This cell processes the `General_Release date` column in the DataFrame `df`. It applies a lambda function to each value in the column to ensure a consistent format for the release year. For each non-null value, the function extracts the last two digits of the year and prefixes them with "20" (e.g., converting "22" to "2022"). If the value is null, it assigns 'Unknown' as the release date. This step standardizes the year format and handles missing values appropriately.


In [100]:
df.loc[:,'General_Release date'] = df['General_Release date'].apply(
    lambda x: "20" + str(x)[-2:] if pd.notnull(x) else 'Unknown'
)

This cell fills any missing values in the `Display_Refresh Rate` column of the DataFrame `df` with the default value `'60 Hz'`. It uses the `fillna()` method to replace null entries, ensuring that all rows in this column have a value. This step ensures consistency in the dataset by handling missing data for display refresh rates.


In [101]:
df.loc[:,'Display_Refresh Rate'] = df['Display_Refresh Rate'].fillna('60 Hz')

This cell fills any missing values in the `Hardware_Expandable storage` column of the DataFrame `df` with the string `'Unknown'`. The `fillna()` method is used to replace null or missing entries, ensuring that all rows in this column have a value. This step helps in maintaining a complete dataset by handling missing data for expandable storage information.


In [102]:
df.loc[:,'Hardware_Expandable storage'] = df['Hardware_Expandable storage'].fillna('Unknown')
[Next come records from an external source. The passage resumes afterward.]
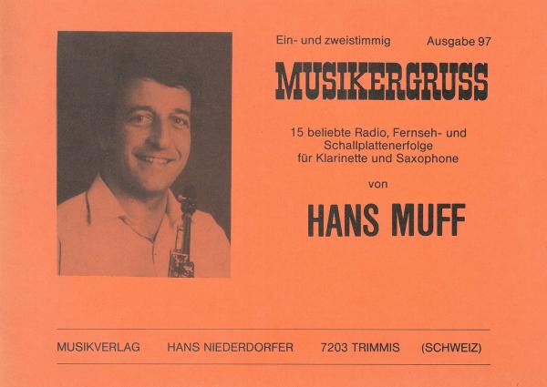 Klarinettist/Saxophonist, zählt zur breiten Spitze der jüngeren virtuosen Bläser der Gegenwart. Aufgewachsen in Twerenegg/Menznau als Bauernsohn, erwarb er sich sein musikalisches Rüstzeug hauptsächlich während einer zehnjährigen Zugehörigkeit zur Feldmusik Menznau, der er mit vierzehn Jahren beitrat. Erste Beziehungen zu verschiedenen Ländlerformationen unterhielt er ab 1961, wobei er sich Kapellen wie «Heimelig», «Seeburg» u.a. zugesellte. Bedeutung als Bläser gewann er indessen erst 1967 mit der Gründung der eigenen Kapelle «Hans Muff», worin ihn Seppi Kaufmann, Akkordeon, A1phons Lustenberger, Klavier, und Jean Thal. mann, Bassgeige, musikalisch unterstützen. Diese Formation, zu der 1976 als fünfter Mann der Bläser Seppi Glanzmann stiess und die auch anderweitig wiederholt umbesetzt wurde, zeichnete sich vielfach an Innerschweizer Wettspielen und folkloristischen Anlässen im Ausland aus. Ausserhalb seiner Stammkapelle stellt sich Muff auch gemeinsam mit anderen Spitzeninterpreten wie Valotti, Schilliger und Brunner auf der Bühne, am Fernsehen und auf Schallplatten vor. Eine Spezialität bildet ferner seine Grossformation von zehn Mann, die populäre Tanz- und Unterhahungsmusik darbietet. Muff, von Beruf Verkaufsberater und Musikproduzent, ansässig in Twerenegg, hat bis dahin rund 80 Tänze komponiert, die in Verlagen wie Niederdorfer, Lustenberger usw. erschienen sind. 1967 gründete er seine eigene Ländlerkapelle, die seit 1998 Kapelle Hans & Claudia Muff hieß und den konzertanten Innerschweizerstil pflegte. Hans Muff wurde von seiner Tochter Claudia am Akkordeon begleitet. Der traditionsbewusste, aber auch experimentierfreudige Kapellmeister konnte auf viele Erfolge zurückblicken. Die Musik war für ihn als Produzenten zum Beruf geworden. Muff starb am 2. Juli 2015 im Alter von 70 Jahren nach längerer Krankheit.Objekte
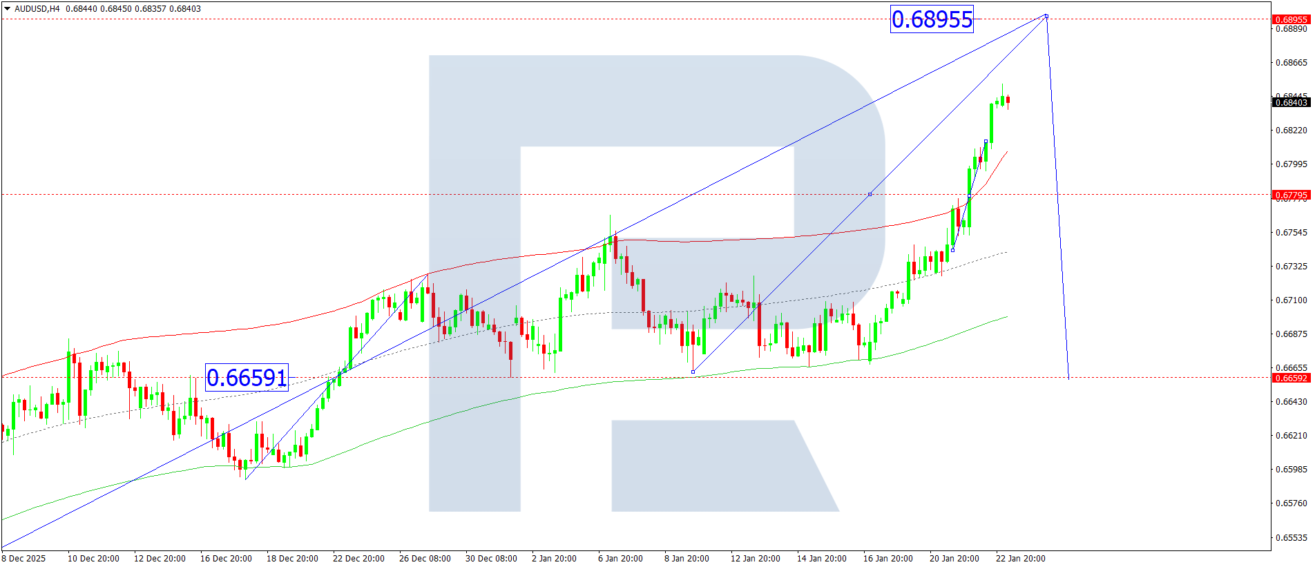 AUDUSD H4 графигінде нарық 0.6890 деңгейіне қарай өсуді жалғастыруда. Бүгін, 23 қаңтар 2026, жұптың осы мақсатты деңгейге жетуі күтіледі. Одан кейін 0.6777 деңгейіне қарай төмендейтін толқын басталуы мүмкін. Бұдан әрі 0.6900 деңгейіне қарай өсу ықтимал.
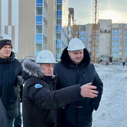 Руководители проверили, как идет строительство жилых домов в микрорайоне «Звездный». В настоящее время там возводится два многоквартирных дома. В каждом по 125 квартир. Один из них практически достроен.
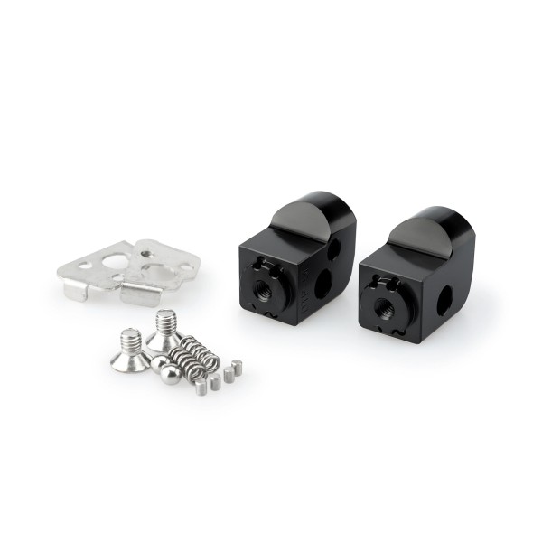 Son específicos para cada modelo, asegurando un ajuste perfecto, e incorporan marcas milimétricas que permiten regular la estribera con total precisión según las preferencias de cada motorista. Su construcción robusta, junto con un diseño compacto y un estilo claramente deportivo, los convierten en una opción ideal para los más exigentes.
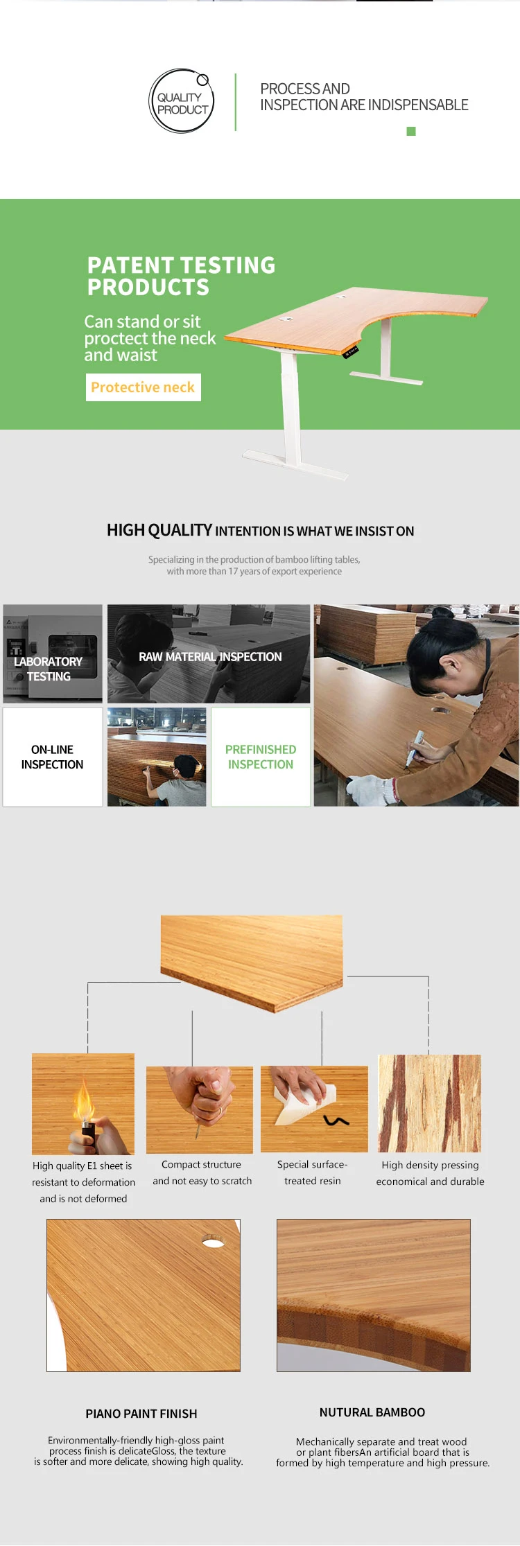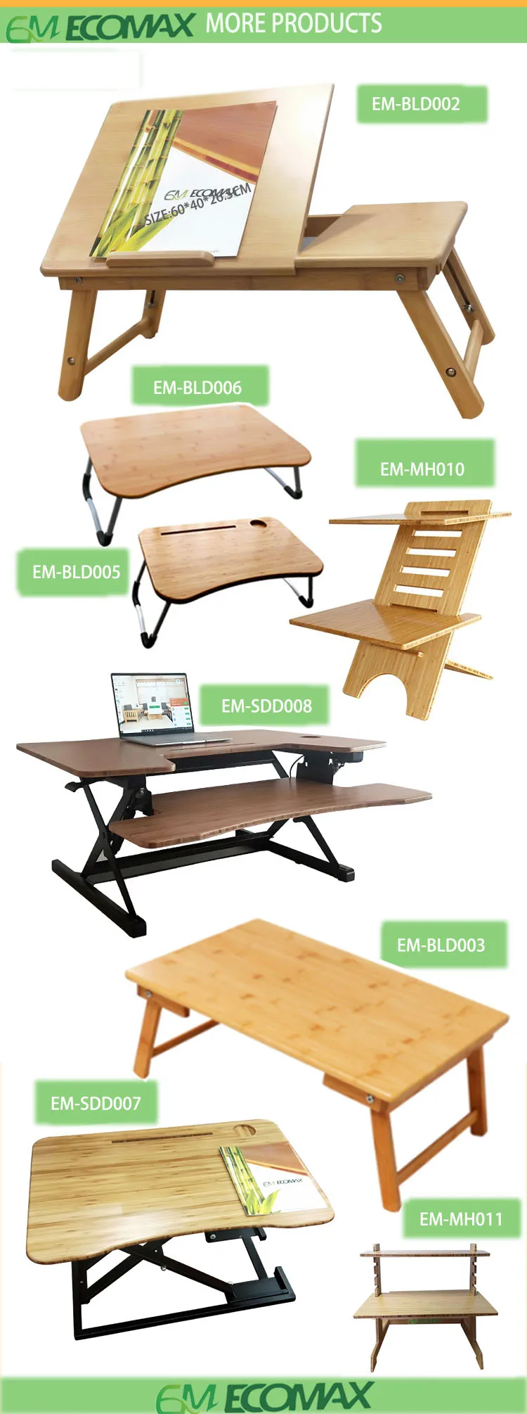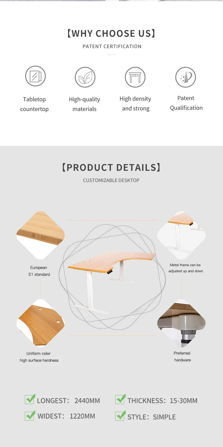 We use 100% MOSO bamboo as table top's construction which is the most eco-friendly and attractive wood . Bamboo has high density, high hardness, More durable than maple and oak or other timbers.with natural and elegant texture grain, reducing eyes strain while providing better viewing experience. We have standard sizes .also can do custom made sizes,shapes,just show us any of your ideas . We have L-carbonized color,D-Carbonized color also can do custom made color stained

This cell processes the `Camera_Rear camera` column in the DataFrame `df` to extract and standardize camera information. The `processCameraInfo()` function splits the camera details by the '+' symbol and searches for megapixel values using regular expressions. It then stores the megapixel values of up to five cameras in separate columns (`camera_1_megapixel`, `camera_2_megapixel`, etc.). If fewer than five cameras are mentioned, it fills the remaining columns with zeros. Additionally, the total number of cameras is recorded in the `num_cameras` column. This ensures the camera information is structured in a consistent format for further analysis.


In [103]:
import re

def processCameraInfo(cameraInfo):
    if pd.isna(cameraInfo):
        return [0, 0, 0, 0, 0, 0]
    cameras = cameraInfo.split('+')

    megapixels = []
    for cam in cameras:
        match = re.search(r'(\d+)-megapixel', cam)
        if match:
            megapixels.append(int(match.group(1)))
    while len(megapixels) < 5:
        megapixels.append(0)
    megapixels.append(len(cameras))
    return megapixels

cameraFeatures = df['Camera_Rear camera'].apply(processCameraInfo)
df[['camera_1_megapixel', 'camera_2_megapixel', 'camera_3_megapixel', 'camera_4_megapixel', 'camera_5_megapixel', 'num_cameras']] = pd.DataFrame(cameraFeatures.tolist(), index=df.index)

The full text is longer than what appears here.